We both hate the fact it’s constantly brought up. I find it revolting when people call them toy boys. I’ve often been called my husband’s mother, I’ve been called his grandmother. And to begin with it made me want to leave him. Then I thought: “Why let other people define my joy?”
I have two children with special needs. Toby is profoundly affected; Alfie has Asperger’s. Both were badly bullied at school, and when I was having radiotherapy I realised I had to spend more time with them. I stopped work and designed bespoke educations for them. I’ve spent every penny I’ve earned doing things that were never done with us.
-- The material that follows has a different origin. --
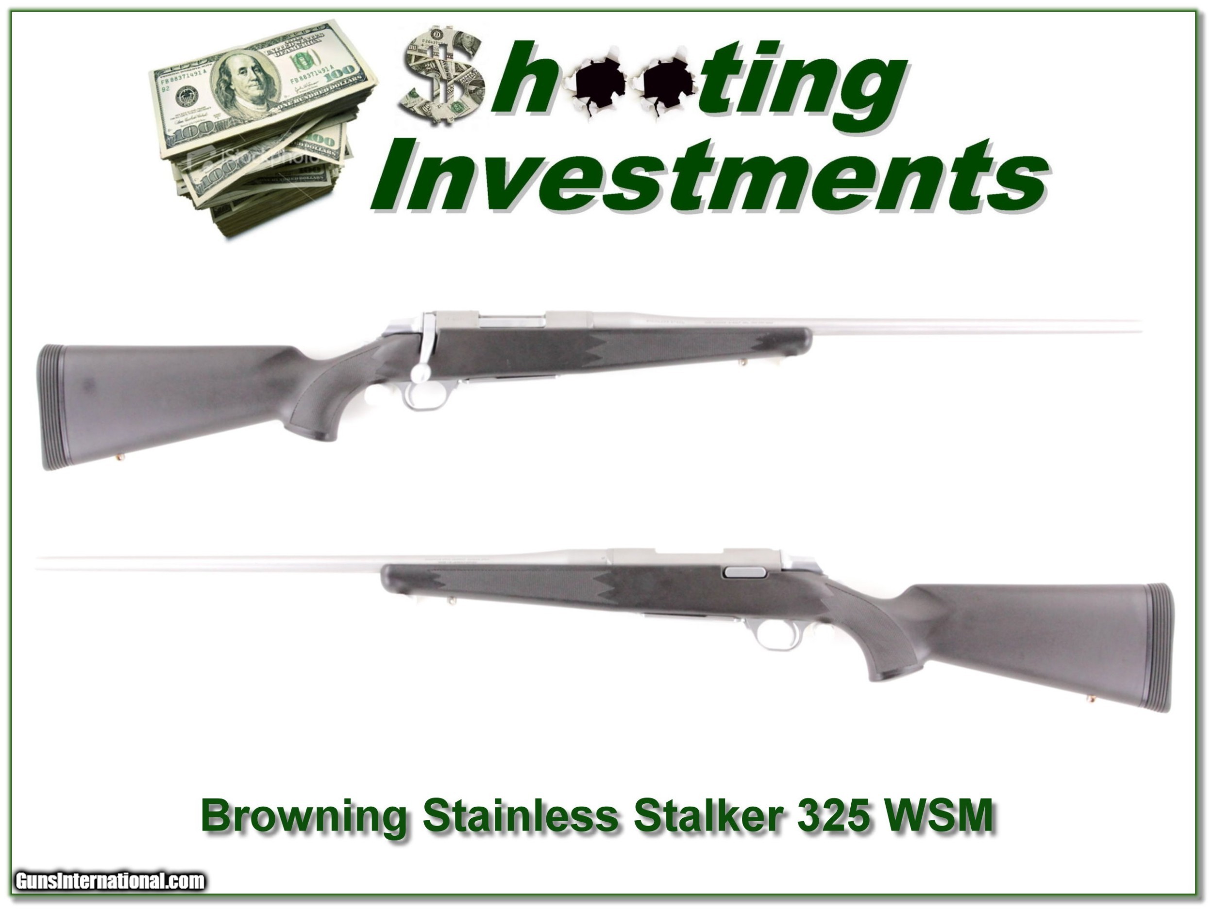 Description: This is an excellent condition Browning A-bolt Stainless Stalker in the hard-hitting 325 WSM. It has a 22in barrel and will make an excellent light wieght all-weather big game hunting gun that pack a big punch! Perfect for Moose, elk, bear or nay big game! It has no marks of note and these are hard to find in this caliber. I’m sure never fired many rounds! Shipping with insurance is $39. Please email me with any questions or larger pictures. (Consign your quality firearms with Shooting Investments for only 12%! Let me know if you have any you would like to sell!) 18-0889 Payment: Payment is by Money Order, Cashiers Check or Personal Check. I can now also accept MasterCard and Visa with a 3% convenience fee. PayPal can be used for some items but never firearms. Please let us know if you would like to pay via PayPal. Shipping: The shipping charge will be listed in each description. It is $39 for most long guns and $29 for most handguns. Some heavy guns or those insured for over $2000 will be higher. Shipments to Alaska and Hawaii are higher because air shipment is required. Most firearms are shipped on Tuesday and Thursday and usually in 5 days of receipt of payment. We package all shipments carefully and insure them. For long guns you can purchase a new Plano case for $19. They now cost us $22 when buying 100 at a time. Optics are shipped Priority Mail and most other non-firearm shipments are shipped First Class. Returns: Our return policy is simple. If for any reason you are not pleased with your purchase, you may return your item for a full refund of purchase price. Ammunition cannot be returned. It is important to us that you are happy. Guns cannot be fired or dissembled before returning them and they must be returned in the same condition as received. Notification of a return must occur with-in 3 days of receipt at your dealer. Shipping, convenience and dealer fees are not refundable and are the responsibility of the buyer. Lay-a-way: If needed, we offer a 60 day lay-a-way option on most firearms. It is 1/3 now, 1/3 in 30 days and 1/3 in 60 days. Lay-a-way firearm sales are final and if not completed the first payment cannot be returned. Consigning your firearms with Shooting Investments: We will help you get top dollar for your firearms. While most local guns shops charge 20% or more, our fee is only 12% with a minimum of $75. At your local gun shop it might take months to sell. Selling on-line provides instant access to thousands of interested buyers. You won’t find any other on-line dealer willing to sell your firearms for only 12% or listing every gun on 3 separate s. Selling through an House typically costs the seller 15% and the buyer an addition 15% (so 30%) and you have to wait several months to sell and longer to receive funds. If properly priced, we will sell your firearms in a few weeks. Send us an email or give us a call and we’ll explain how easy it is for you to get top dollar. Trading: Trading for use is really just buying your gun to re-sell. If you have a gun you want to trade, please email a picture and we will let you know what we can give or it. You will always get more if we sell it for you on consignment. Help for California Buyers: We are happy to ship to California. It is the buyer’s responsibility to make sure any item you buy is legal in your state. We are also happy to help with your purchase of a firearm from someone other than us. If you see a gun you would like to buy but the seller can’t or won’t ship to California they can ship to use and we’ll then ship it to your California dealer. The cost for this service is only $30 + shipping. Let us know if we can help! SOLD |

Sonia is a wonderful parent to a thousand people. Everyone wants to be in a Sonia Friedman production because you’re thought about, you’re listened to. She parents all of us.
Neither of us takes holidays. What’s the point? We feel we’re on holiday if we find a little cafe and have a gorgeous coffee — that’ll do for us. We’ve learnt to live in the cracks of our busy lives as women always have. And you know what? We’re really, really good at finding joy.